If I understood your question, you launch 3 partial scans where you set the 
start row and then end row of each scan, right? 

On Sep 12, 2014, at 9:16 AM, Guillermo Ortiz <[email protected]> wrote:

> Okay, then, the partial scan doesn't work as I think.
> How could it exceed the limit of a single region if I calculate the limits?
> 
> 
> The only bad point that I see it's that If a region server has three
> regions of the same table,  I'm executing three partial scans about this RS
> and they could compete for resources (network, etc..) on this node.

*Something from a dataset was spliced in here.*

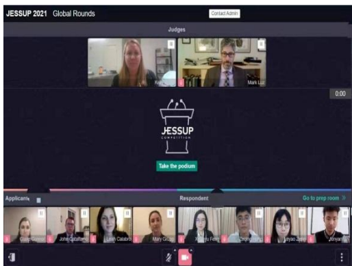
我院代表队对阵美国乔治华盛顿大学

It'd be
> better to have one thread for RS. But, that doesn't answer your questions.
> 
> I keep thinking...
> 
> 2014-09-12 9:40 GMT+02:00 Michael Segel <[email protected]>:
> 
>> Hi,
>> 
>> I wanted to take a step back from the actual code and to stop and think
>> about what you are doing and what HBase is doing under the covers.
>> 
>> So in your code, you are asking HBase to do 3 separate scans and then you
>> take the result set back and join it.
>> 
>> What does HBase do when it does a range scan?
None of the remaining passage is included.